En ce jour d’octobre, le chauffeur de poids lourd s’attendait à passer au maximum quatre à cinq heures au poste-frontière de Sevington, dans le Kent (Royaume-Uni), pour faire inspecter son chargement de produits frais en provenance de Belgique. Mais plus de vingt-quatre heures plus tard, il était toujours sur place. « On ne lui a donné aucune information, ni repas ni accès à une douche », raconte Phil Pluck, qui dirige l’association faîtière de la chaîne du froid au Royaume-Uni, la Cold Chain Federation. Lorsqu’il est finalement arrivé à destination, l’acquéreur des biens a refusé sa cargaison, arguant qu’elle s’était gâtée durant l’attente.

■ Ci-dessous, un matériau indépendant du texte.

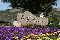 In the 1700s the valley in which San Diego Country Estates is located received its name when Father Mariner of Mission San Diego de Alcalá discovered the location, proclaiming it a constant and beautiful valley, and named it in honor of Saint Vincent.[3] As the area became colonized by the Spanish and later fell under Mexican jurisdiction, the land of the San Vicente Valley became a part of the Mexican land-grant known as Rancho Cañada de San Vicente y Mesa del Padre Barona in 1846. Under the grant prominent persons such as William Augustus Barnett and families, the Dukes, settled the region.[4]

Ce genre de mésaventure est devenue monnaie courante. Depuis le début de l’année, le pays a introduit de nouveaux contrôles à ses frontières, dans le cadre du Brexit, la sortie du Royaume-Uni de l’Union européenne (UE), devenue effective le 31 janvier 2020. Depuis février, certains produits d’origine animale (fromages au lait cru, œufs, viande, poissons) et végétale (fleurs coupées, plants destinés à la culture de fruits ou de légumes, semences) en provenance de l’UE doivent obtenir un certificat sanitaire en amont de leur exportation.
« Nous avons dû avancer nos commandes de quarante-huit heures pour donner le temps à nos fournisseurs d’obtenir ce document, explique Cécile Da Silva, chargée de la comptabilité auprès de La Fromagerie, une minichaîne de magasins établis à Londres. Dans certains cas, nous avons dû engager un agent pour les assister. » Le certificat doit être signé par un vétérinaire, qui peut mener une inspection physique s’il le souhaite.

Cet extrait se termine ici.